Теперь на месте резни за мыс Адлер фотографируются отдыхающие. И вот за этих дикарей с синими рожами, сидящих верхом на пушке, отдал свою жизнь байронист. Так получается. Печально, думал Антон.

Потом стал решать, что теперь со всем этим делать. Эффективные тактики, к которым Рампо прибегал раньше, здесь не работали. Не подходил и прием «прекрасного далёка». Прекрасное далёко – один из основополагающих образов в массовой пропаганде. Это когда людям говорят, что то, что им сейчас плохо, – это временно, это пока, а потом будет хорошо и на месте говна, которое они сейчас наблюдают, будет город-сад. Прекрасное называется далеким, потому что будет оно очень не скоро. Это неприятно, конечно, но это естественно. На выращивание даже обычного сада нужны годы, на выращивание города-сада – тем более. Город-сад не может расти быстро, как плесень, даже если создать идеальные условия: тепло и сырость. Кстати, подумал Антон, именно эти условия в Сочи есть – здесь тепло и сыро. И что это дает? Ничего. Грибковые колонии здесь выращивать удобно. А взращивать положительный образ – нет. И, кстати, у грибковых колоний не очень положительный образ, скорее отрицательный. Древесину от плесени обрабатывают строители, пальцы ног – бегуны. Люди плесень недолюбливают, видимо в глубине души понимая, что все на земле начиналось с грибов, ими все и закончится, и, конечно, ты недолюбливаешь того, кто тебя переживет и будет когда-нибудь всей колонией смеяться над твоими убогими достижениями в виде зеленоватых от плесени бетонных руин. Нет, понял Антон, сыро и влажно – это не то. Положительный образ – это наоборот, когда сухо и холодно. Мороз и солнце. День чудесный. Пушкин. Антициклон. А в Сочи, наоборот, циклоны друг друга сменяют, как члены большой семьи по утрам у двери в сортир. 100 дней в году здесь обложной дождь и еще 100 дней в году – просто осадки. Так было сказано в справке по климату в Сочи, которую подготовил для Антона энергичный идиот Игорь Беленький.

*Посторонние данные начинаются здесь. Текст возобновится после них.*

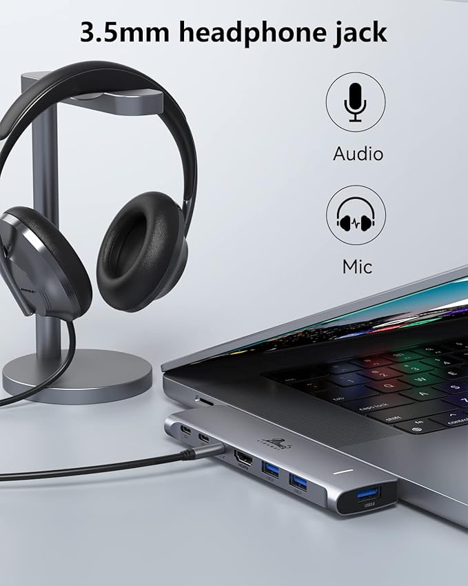 - 【Newly upgraded 7-IN-2 Macbook Pro Multiport Adapter】Note:This Macbook Adapter compatible with the new MacBook with magnetic 3 charging, Not block the Magnetic suction charging port.It equipped with 1*4K30HZ HDMI port, 1* Thunderbolt-enabled USB-C port(support 100W PD charging / 40Gbps data transfer / 5K60HZ display), 3*USBA 3.0+1*USBC 3.0 ,1*MIC/3.5mm Audio; Perfect for MacBook Pro/Air 13''/15''/16''(2016-2022);Not suitable for the Macbook with protective case

100 дней обложного дождя. Обложной – это значит, дождь все небо обложит, как матом – продавщица свиных ног профессора орнитологии. Профессор в итоге и ногу свиную не получит, и, попав под мат, как под ливень без зонтика, придет домой голодный, униженный, глянет на любимые чучела тех, кого всю жизнь изучал, и тихо вымрет, как те, кого изучал. А продавщица ног будет жить и размножаться, и чучело сделать из себя не даст никому… Да. Значит, 100 дней тут обложной пиздец – льет как из ведра. Еще 100 дней просто пиздец, не обложной – просто льет, но не как из ведра, а как из хоккейного шлема. Ну и еще 100 дней низко, к дождю, летают ласточки. Значит, 300 дней в Сочи Ханой. Остается 65 дней. Но 65 солнечных дней в году – это как-то… Это звучит депрессивно.

Антон с тоской подумал о своем острове, на котором солнечных дней 300 – другое дело. Скорей бы туда. Скорей бы создать этот гребаный положительный образ.